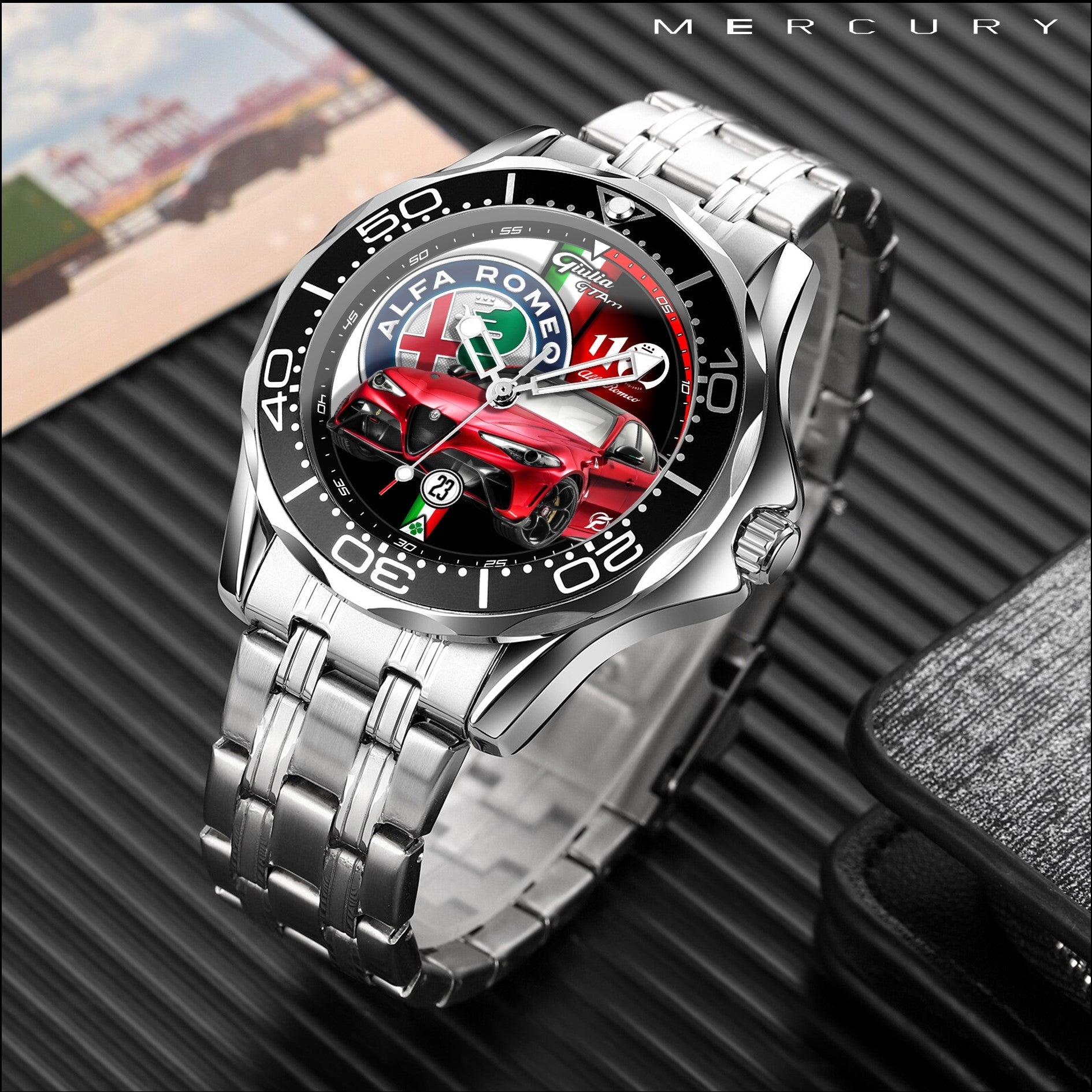 Caratteristiche tecniche dell'orologio Mercury: confezione in cartone rivestito inciso a laser. Il quadrante presenta una superficie stampata con indici sovraesposti. Design unisex. La cassa ha un diametro di 43 mm ed è realizzata in acciaio inossidabile. Il cinturino, anch'esso in acciaio inossidabile, ha una larghezza di 20 mm e utilizza un sistema di chiusura con gancio rapido. L'orologio è alimentato da un movimento al quarzo Epson a batteria. Il peso totale è di 136 grammi e offre una resistenza all'acqua fino a 3 ATM.
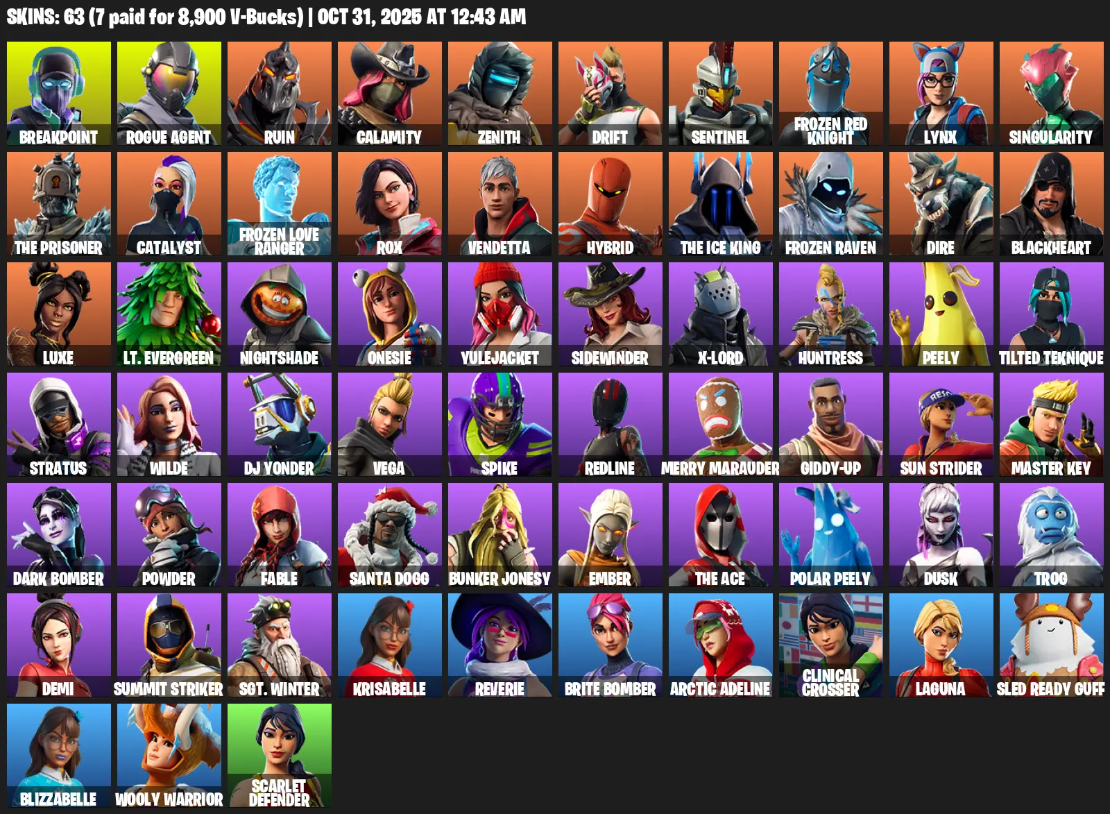 [PC/XBOX] | 63 skins | Breakpoint | Rogue Agent | Ruin | Calamity | Zenith | Drift | Sentinel | Frozen Red Knight | Lynx | #BFB0421 | #MBFN
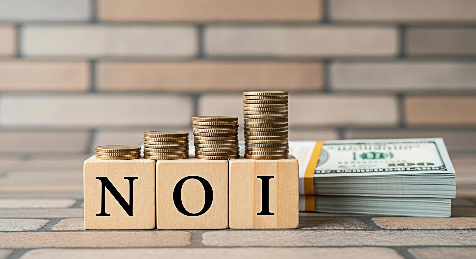 Wooden blocks spelling NOI display increasing stacks of coins and a bundle of US dollar bills on a textured surface representing net operating income and financial growth in a business setting photo
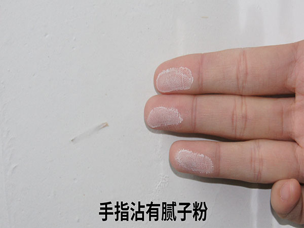 劣質膩子粉:用手指輕輕地擦過涂有劣質的膩子粉的樣板表面,手指上面沾有許多膩子粉。
● ● ●
Directions: Output the material above exactly, without pictures.

Result of the task:
 Caratteristiche tecniche dell'orologio Mercury: confezione in cartone rivestito inciso a laser. Il quadrante presenta una superficie stampata con indici sovraesposti. Design unisex. La cassa ha un diametro di 43 mm ed è realizzata in acciaio inossidabile. Il cinturino, anch'esso in acciaio inossidabile, ha una larghezza di 20 mm e utilizza un sistema di chiusura con gancio rapido. L'orologio è alimentato da un movimento al quarzo Epson a batteria. Il peso totale è di 136 grammi e offre una resistenza all'acqua fino a 3 ATM.
 [PC/XBOX] | 63 skins | Breakpoint | Rogue Agent | Ruin | Calamity | Zenith | Drift | Sentinel | Frozen Red Knight | Lynx | #BFB0421 | #MBFN
 Wooden blocks spelling NOI display increasing stacks of coins and a bundle of US dollar bills on a textured surface representing net operating income and financial growth in a business setting photo
 劣質膩子粉:用手指輕輕地擦過涂有劣質的膩子粉的樣板表面,手指上面沾有許多膩子粉。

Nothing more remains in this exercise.